INPUT DATA
· · · · ·
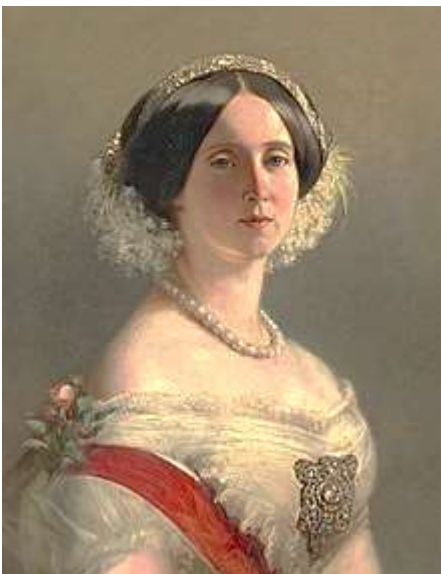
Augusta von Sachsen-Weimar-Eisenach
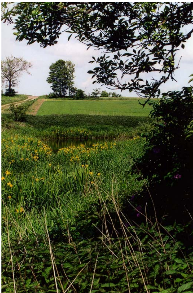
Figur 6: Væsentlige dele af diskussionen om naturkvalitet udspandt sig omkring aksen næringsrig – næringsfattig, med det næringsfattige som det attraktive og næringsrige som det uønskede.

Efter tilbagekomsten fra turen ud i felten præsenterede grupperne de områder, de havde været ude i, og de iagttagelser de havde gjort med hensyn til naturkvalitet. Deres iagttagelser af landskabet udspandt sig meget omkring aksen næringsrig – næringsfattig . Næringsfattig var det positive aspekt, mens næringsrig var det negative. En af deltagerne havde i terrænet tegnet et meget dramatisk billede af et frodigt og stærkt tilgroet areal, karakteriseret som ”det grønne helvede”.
· · · · ·
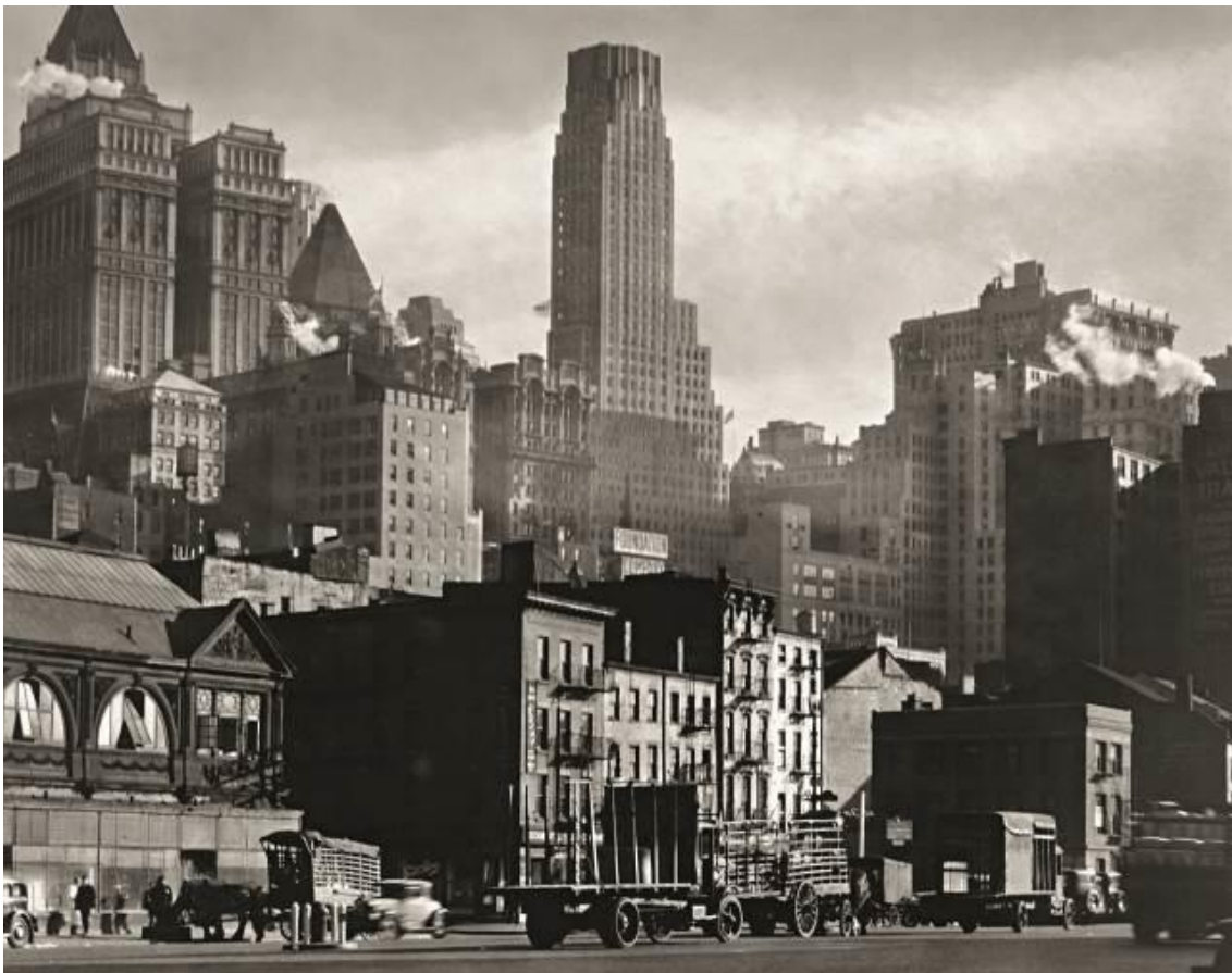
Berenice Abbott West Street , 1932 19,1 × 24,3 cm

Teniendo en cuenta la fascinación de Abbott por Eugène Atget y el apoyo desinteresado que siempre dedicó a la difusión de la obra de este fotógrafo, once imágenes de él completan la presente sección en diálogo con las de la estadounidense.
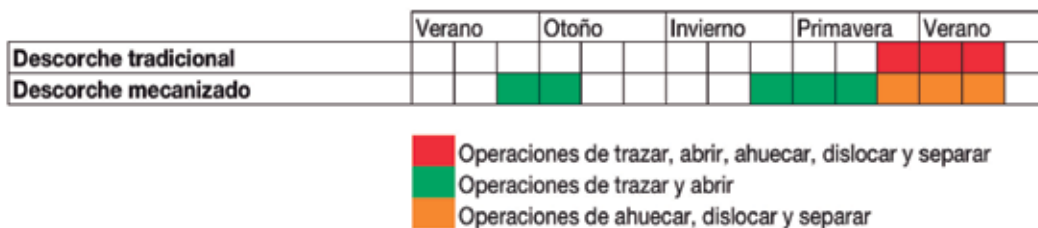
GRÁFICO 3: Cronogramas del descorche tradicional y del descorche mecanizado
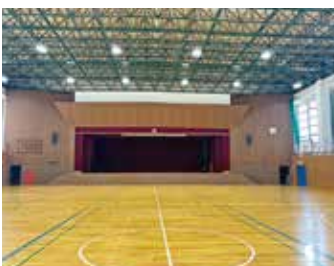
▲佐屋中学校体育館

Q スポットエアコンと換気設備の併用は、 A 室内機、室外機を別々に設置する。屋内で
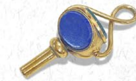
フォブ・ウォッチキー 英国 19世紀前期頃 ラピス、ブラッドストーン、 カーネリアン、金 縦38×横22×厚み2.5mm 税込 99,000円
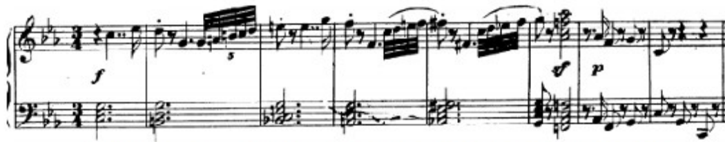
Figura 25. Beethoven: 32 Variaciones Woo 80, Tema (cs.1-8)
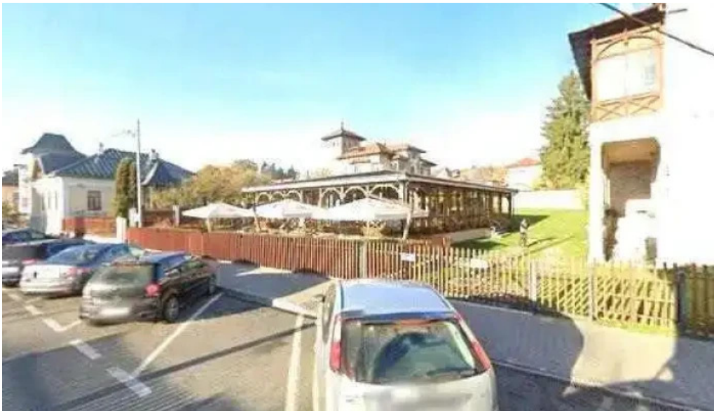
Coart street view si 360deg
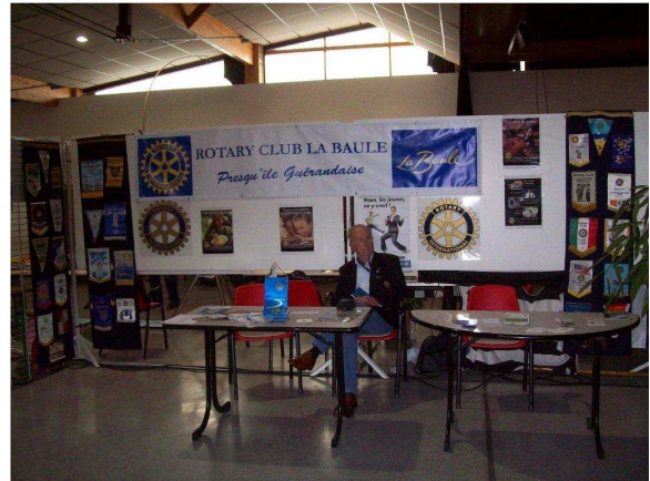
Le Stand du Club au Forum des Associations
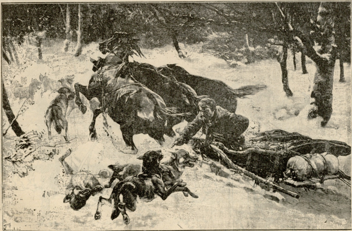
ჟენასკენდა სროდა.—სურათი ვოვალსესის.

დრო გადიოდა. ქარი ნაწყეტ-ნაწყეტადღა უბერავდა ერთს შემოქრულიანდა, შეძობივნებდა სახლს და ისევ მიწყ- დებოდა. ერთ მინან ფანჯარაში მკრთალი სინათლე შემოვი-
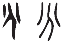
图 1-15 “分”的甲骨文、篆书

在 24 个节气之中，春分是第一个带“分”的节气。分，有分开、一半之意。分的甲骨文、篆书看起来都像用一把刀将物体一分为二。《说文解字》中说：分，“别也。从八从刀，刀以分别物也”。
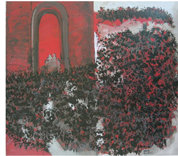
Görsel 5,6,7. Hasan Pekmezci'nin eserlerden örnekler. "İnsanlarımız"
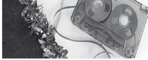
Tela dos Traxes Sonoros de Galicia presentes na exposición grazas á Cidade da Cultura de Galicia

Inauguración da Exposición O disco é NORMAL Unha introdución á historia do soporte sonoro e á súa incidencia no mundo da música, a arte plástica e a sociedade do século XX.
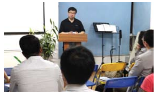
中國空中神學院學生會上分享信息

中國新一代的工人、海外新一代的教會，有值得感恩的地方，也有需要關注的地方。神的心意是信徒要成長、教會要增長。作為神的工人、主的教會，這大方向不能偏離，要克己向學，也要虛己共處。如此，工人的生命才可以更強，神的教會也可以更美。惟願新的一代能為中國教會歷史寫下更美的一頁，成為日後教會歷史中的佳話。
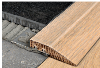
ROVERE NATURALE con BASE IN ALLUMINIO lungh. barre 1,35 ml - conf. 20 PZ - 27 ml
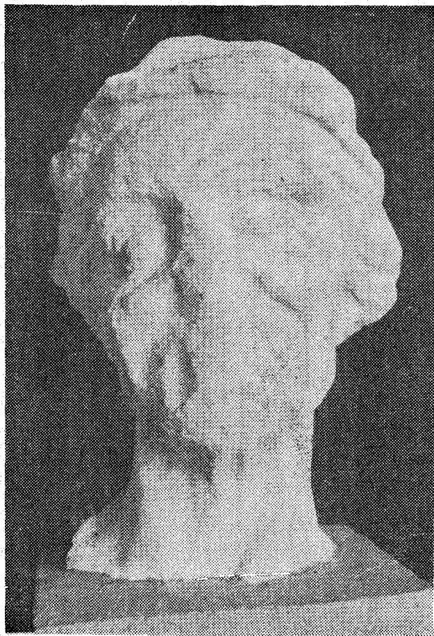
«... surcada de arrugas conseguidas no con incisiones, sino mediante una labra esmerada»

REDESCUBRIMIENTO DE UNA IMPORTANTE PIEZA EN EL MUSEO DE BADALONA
· · · · ·
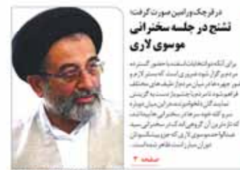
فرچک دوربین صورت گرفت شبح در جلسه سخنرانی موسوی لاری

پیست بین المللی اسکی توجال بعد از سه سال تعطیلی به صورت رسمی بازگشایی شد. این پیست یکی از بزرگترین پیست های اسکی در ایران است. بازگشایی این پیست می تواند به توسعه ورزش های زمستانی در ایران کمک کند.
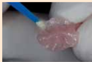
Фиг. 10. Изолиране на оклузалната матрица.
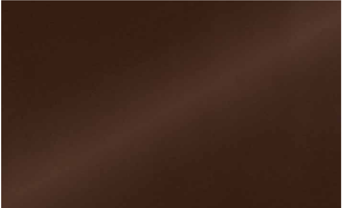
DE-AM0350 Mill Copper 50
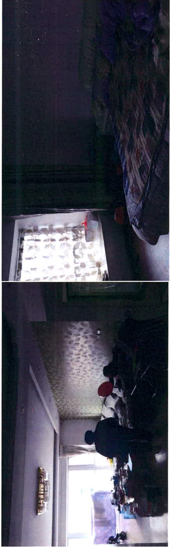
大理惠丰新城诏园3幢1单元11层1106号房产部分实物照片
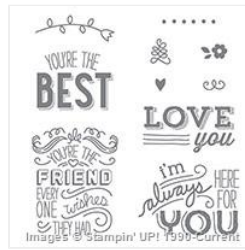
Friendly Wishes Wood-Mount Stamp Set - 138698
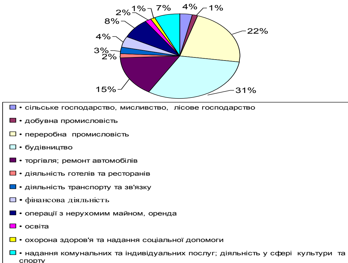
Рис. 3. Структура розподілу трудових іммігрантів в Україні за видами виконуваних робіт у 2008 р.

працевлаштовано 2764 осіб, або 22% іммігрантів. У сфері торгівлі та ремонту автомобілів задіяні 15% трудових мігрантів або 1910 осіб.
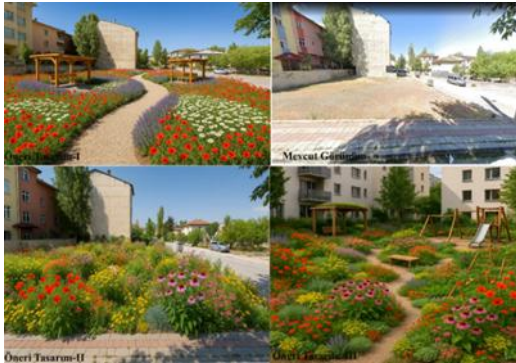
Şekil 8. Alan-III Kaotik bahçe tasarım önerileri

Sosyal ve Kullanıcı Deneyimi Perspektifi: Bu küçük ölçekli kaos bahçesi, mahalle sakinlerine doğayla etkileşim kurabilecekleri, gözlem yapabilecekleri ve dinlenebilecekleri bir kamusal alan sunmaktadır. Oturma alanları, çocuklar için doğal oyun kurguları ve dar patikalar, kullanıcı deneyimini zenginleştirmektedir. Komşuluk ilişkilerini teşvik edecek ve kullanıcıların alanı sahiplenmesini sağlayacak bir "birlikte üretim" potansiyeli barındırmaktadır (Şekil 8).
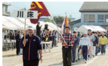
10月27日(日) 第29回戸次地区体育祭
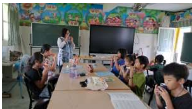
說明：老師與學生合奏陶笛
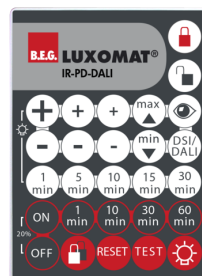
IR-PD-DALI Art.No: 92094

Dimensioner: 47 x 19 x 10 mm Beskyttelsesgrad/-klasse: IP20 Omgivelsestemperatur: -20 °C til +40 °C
· · · · ·
INSTRUCTIONS FOR THE TASK
State in a single number how many lines in the data include the word "næringsfattig".

RESULT FOR THIS EXERCISE
2